The Pastoral Center of Gravity
Why do we Christians care about the Second Coming of Jesus Christ? Let me count the ways. Here are two of them. First, we care about it, because it is true. Human life, the many-peopled, many-centuried mix of birth and death, rise and fall, triumph and tragedy, is not, as the great Asian religions suggest, a wheel that goes round and round forever. It travels a path that moves humanity on a collision course with its final destination. Because it is true, we believe it and proclaim it, and it shapes our experience from our deepest sub-conscious to our estimates of earthly political power.
Second, the Second Coming will answer the Church's prayer: "Thy kingdom come, Thy will be done on earth, as it is in heaven!" The Lord's Prayer is not an incantation we mutter to ward off things that go bump in the night. It expresses our deep belief that this world is not all there is to human life. All that we know about this world, especially its suffering, suggests a work of art that needs to be finished.
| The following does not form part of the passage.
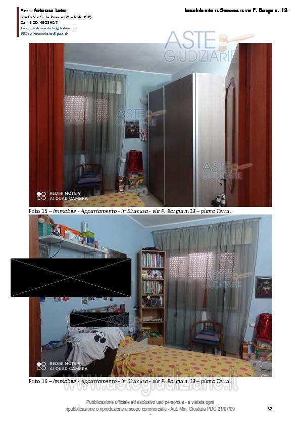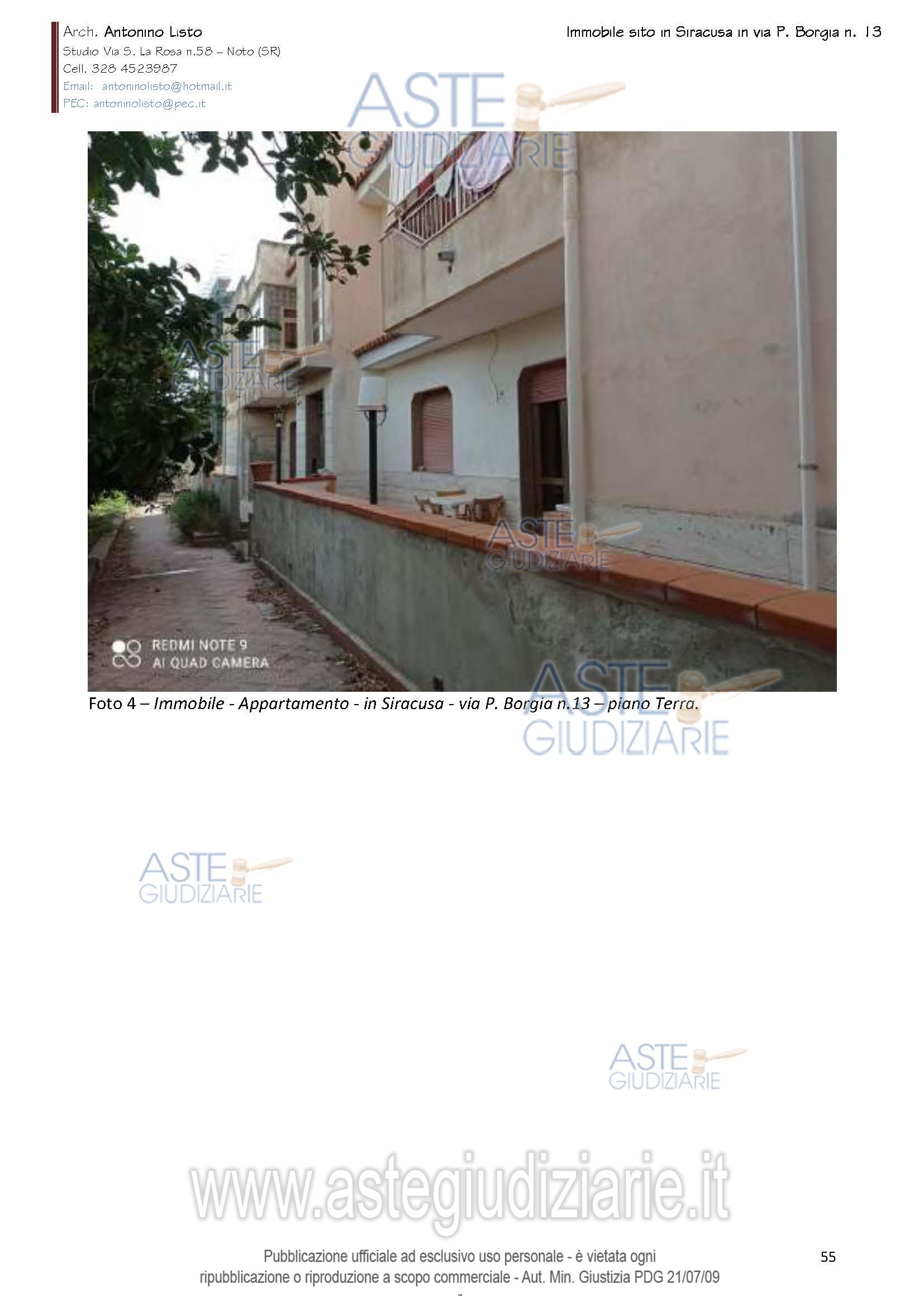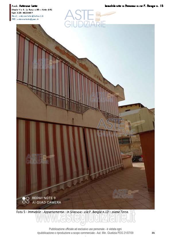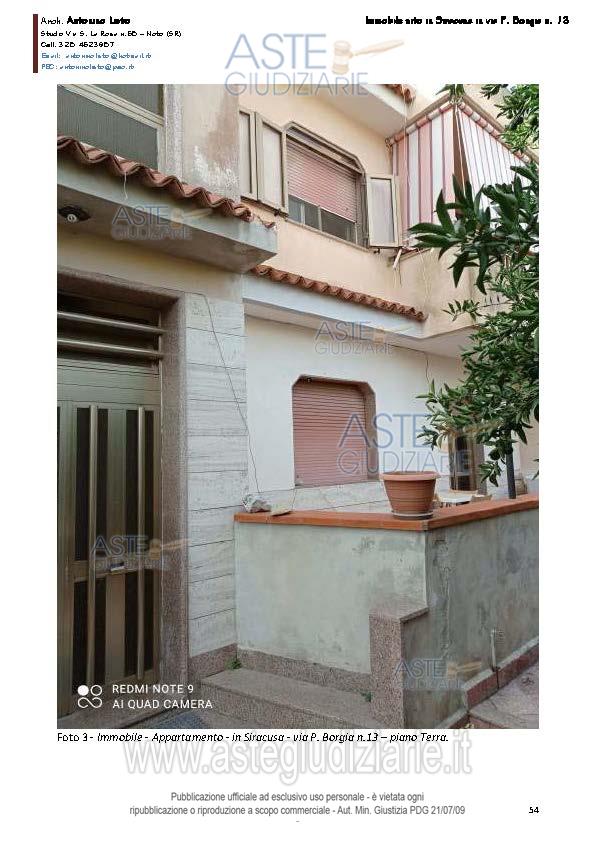 Vendita all'asta Senza incanto, con gara telematica sincrona mista - LOTTO UNICO: Immobile per la civile abitazione sito in Siracusa alla Via Borgia n. 13 - L'immobile è posto al piano terreno di un complesso di complessivi 4 appartamenti. Prezzo base € 57.164,10 (offerta minima € 42.873,10). Data vendita 12/12/2025 ore 09:00. Professionista delegato alla vendita Avv. Antonio Carpinteri - Email "avv.antoniocarpinteri@gmail.com"; Cell. 3515000728. Custode Giudiziario Avv. Antonio Carpinteri - Email "avv.antoniocarpinteri@gmail.com"; Cell. 3515000728. Rif. Tribunale di Siracusa - Esecuzione immobiliare post legge 80 n. 15/2020

A dozen years ago, I heard Pat Robertson call the United States "the last best hope of earth." As great as this nation is, several hundred million people around the world would find his statement arrogant. But for the sake of discussion, let's suppose Robertson was right. Where would that leave us?
The number of children aborted in this country since 1973 is approaching the population of France. Our glorification of youth stops short of despising the elderly, a dishonor that horrifies billions of people around the world. We produce, consume, and export so much pornography as to turn part of the Internet into a worldwide sewer. Half our marriages end in divorce. Human embryonic stem cell research threatens to turn human life at its most elemental and vulnerable into a commodity. Far more citizens in our country will die this year from firearms than will die in the entire Iraq war, even if it lasts a decade (http://en.wikipedia.org/wiki/Gun_violence_in_the_United_States). A dark gravity is pulling us toward some unthinkable abyss.
Of course, this does not tell the whole story of the United States. But if this country is "the last best hope of earth" and if many other nations are in greater disarray, are we not right to hope for the Second Coming of Christ? Earth needs outside help.
This hope doesn't mean that we stick our heads in the sand and ignore the world around us. Among this congregation you will find people engaged in the politics of Delaware, Katrina relief efforts, public and private education at every level, creating wealth that lifts people out of poverty, and much more. But we all pray, "Thy kingdom come," because we know that human effort alone will not save the world from violence, poverty, disease, ignorance, and spiritual darkness.
The Church alone keeps the Second Coming of Christ as a live option for human hope. Many of you grew up in the Church, and you drifted away. Come back to the Church. Come back to Christ. The power that resurrected Christ is at work here.